Graça é uma apaixonada por dar voz aos outros. E também por ouvir. Falou-me do projeto “Escrita com Rasura” com um brilho nos olhos. Escrever e depois rasurar, uma ferramenta de enorme utilidade para quem precisa de explorar e deitar cá para fora o que sente através da escrita, mas que não quer de forma alguma que aquilo que escreve seja lido. Inesperadamente (ou não…), cruzo-me com uma das praticantes da “Escrita com Rasura”, que me revelou algumas páginas do seu caderno, onde há palavras rasuradas quase até ao rasgão. De permeio, mostrou-me alguns desenhos feitos para serem vistos por todos. “Estás muito melhor, não estás?”, perguntou-lhe Graça. O sorriso aberto da rapariga confirmou a expectativa da mentora. Abracei ambas. A face exposta da escrita como terapia. Apaixonante.

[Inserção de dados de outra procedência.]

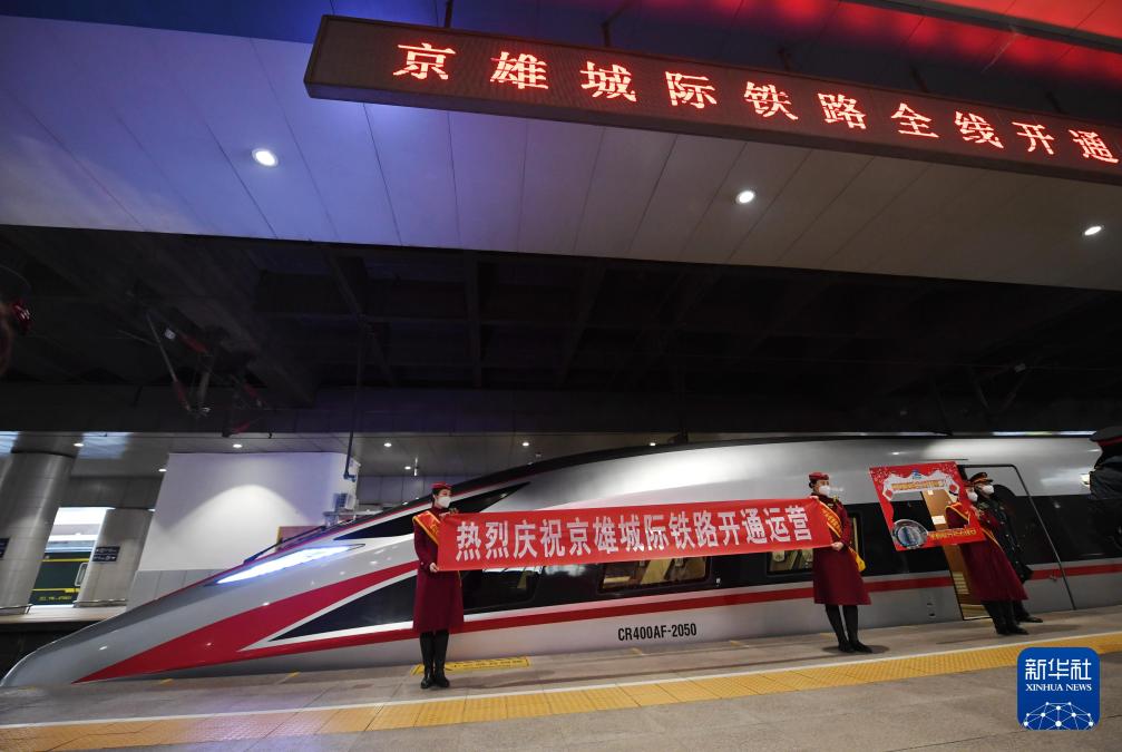 2020年12月27日,京雄城際鐵路全線貫通,從北京西開往雄安的首發列車停靠在北京西站站&。新華社記者 張晨霖 攝
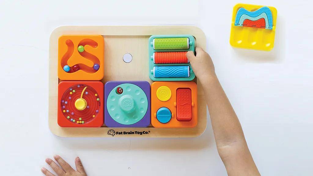 借助这款模块化感官玩具,打造独一无二的感官体验。拿起一块底板,将12块独特且带有磁性的拼块中任选6块嵌入其中,这些拼块设有精细动作挑战、因果关系探索等多样玩法。
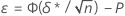 Para valores dados de n, α, P y α *, el margen de error, ε, para un intervalo unilateral se obtiene resolviendo primero δ* en la siguiente ecuación:
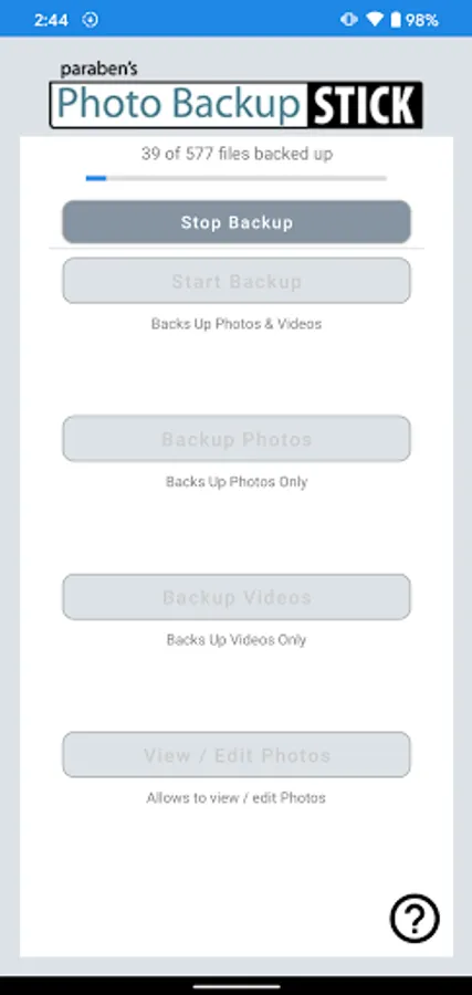 The Photo Backup Stick DC is the official backup app for the Photo Backup Stick direct connect USB OTG flash drives. This app allows you to back up pictures and videos directly to your Photo Backup Stick. Protect your memories from being lost forever from broken or lost or stolen phones. By backing up your photos and videos to the Photo Backup Stick, you can rest easy knowing you have a physical backup. Once backed up, you can transfer to your computer or simply store your Photo Backup Stick in a safe place. This app will only work with genuine Photo Backup Stick OTG drives.
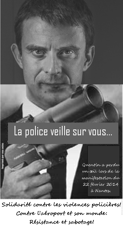 Vidéo a diffuser : BAC Bloc - La farce de l’ordre - Nantes 22-02-2014 - Dans le bocage, comme ailleurs, résistance et sabotage - Lettre ouverte du mouvement armé au préfet de Loire atlantique, M. Christian de Lavernée.
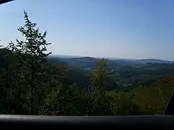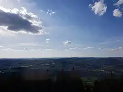 From the Kindelsberg tower, you can see the villages around the mountain in the center of Kreuztal. You can also see the Siegerland region with the Westerwald (south) and the Rothaar Mountains (northeast) beyond and across to the Ebbe Mountains (northwest). In good weather, you can see as far as the Sieben Mountains (west-southwest) near Bonn, about 40 miles (65 km) to the southwest.
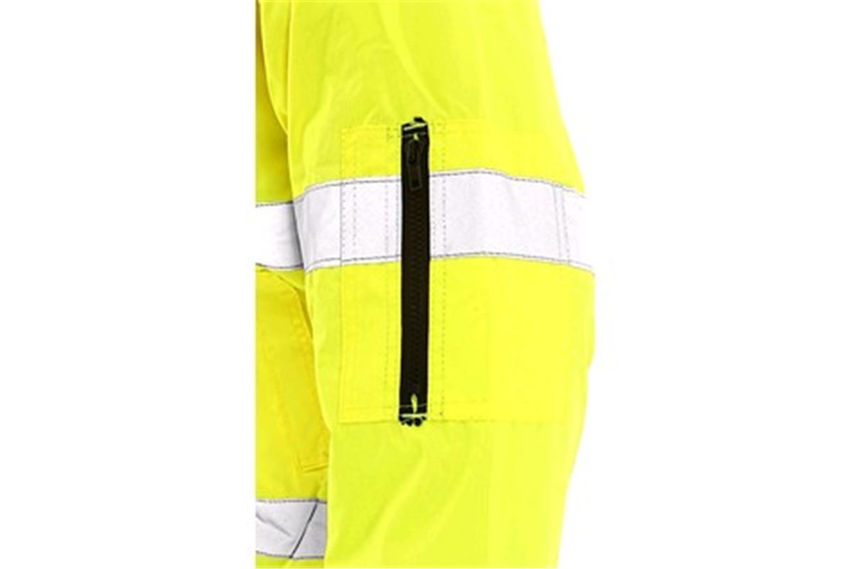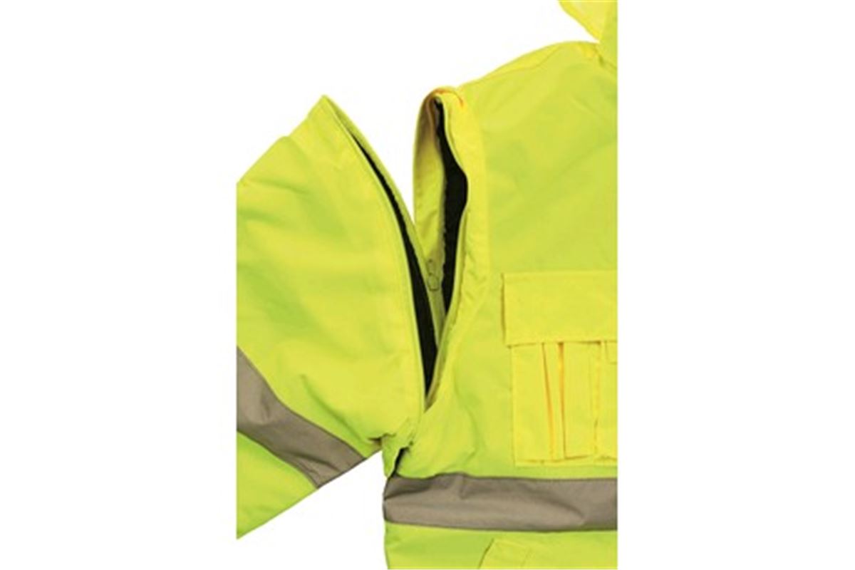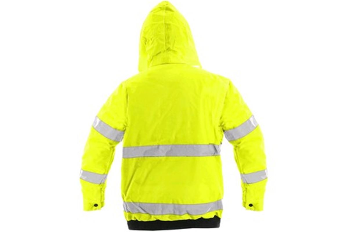 Výstražná bunda, zateplená, 2 v 1, do pasu, odolná proti vodě, odepínací rukávy, kapuce v límci, elastický spodní lem, lepené švy.
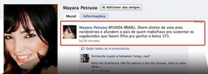 Por outro lado, a estudante, que confessou a publicação do conteúdo, disse que escreveu a mensagem após a vitória da presidente Dilma Rousseff (PT) nas eleições presidenciais de 2010. Porém, Mayara disse à Justiça que não é preconceituosa e não teve a intenção de ofender os nordestinos. Mesmo assim, em consequência do ato, a universitária perdeu o emprego (estágio) e abandonou a faculdade, além de ter mudado de cidade com medo de sofrer retaliações.

“Todo o ser esconde um drama, uma infelicidade silente que com o tempo se atenua ou implode. O limite para que resulte em tragédia está perigosamente guardado num pormenor, numa ínfima instigação”, escreve José Manuel Batista em O Homem de Duas Sombras.
— Fale-me do livro, José.
— Olhe, eu fiz muitas viagens a Paris quando era pequeno e vivi lá um período de quatro anos, de 1976 a 1980, pelo que conheço a cidade. Eu queria escrever um livro sobre uma viagem, mas não sabia bem que rumo seguir. Então, quando lia o livro Barranco de cegos, de Alves Redol, descobri um excerto que dizia isto: ‘Um homem tem duas sombras: uma do Anjo da Guarda e outra do Demónio. Moram as duas na mesma alma e ambas saem de lá, mas sempre separadas. Um homem nunca consegue adivinhar qual é a sombra que o vai seguir em cada minuto da sua vida...’
— E encontrou um rumo…
— Primeiro o título, Um Homem de Duas Sombras, depois o fio condutor, as memórias da minha infância, em que conheci a história de um rapaz que foi para um seminário, que se fez padre, mas que entretanto se apaixonou e largou o claustro…
— Não desvende! Eu já li, mas quero que outros leiam. Sem revelar muito, fale-me do percurso da personagem principal.
— O livro relata a viagem de um homem tanto no espaço, como ao seu interior. É um percurso existencial dramático e nunca sabemos se esse homem consegue sair desse inferno ou não. Nem eu, como autor, o sei. Deixei isso por conta dele. E acho que cada um de nós se pode rever nesta narrativa, pois nada há de linear ou de determinado nesta vida.
“Neste ponto, o mundo metamorfoseava-se. A temperança dava lugar ao descomedimento. Tudo o que aprendera e em que crera esfumava-se. O homem pensa ser senhor do seu destino e estanca a alma com diques morais, dogmas irrefutáveis que vogam nas águas estagnadas da certeza, construídos na argamassa da fé para que as religiões façam prova de vida e se perpetuem. Assim não é. Somos feitos de magma que nunca solidifica, esvai-se por terras fertilizadas de prazer. É o pecado a sua substância, a força motriz da sua vitalidade. Tal é o desígnio humano. (…) ‘Havia demasiadas vidas num homem’ – escreveu Agustina em Prazer e Glória – ‘para ele se entender consigo próprio.’ Luciano tinha percorrido caminhos erráticos e caído. Ainda assim, pouco conhecia de si”, lê-se em O Homem de Duas Sombras.
Aparentemente, sabemos quem somos, mas quem duvida de que há sempre curvas e contracurvas para conhecer? Volto à varanda para olhar o Tejo mais uma vez. Visto daqui parece mesmo um lago.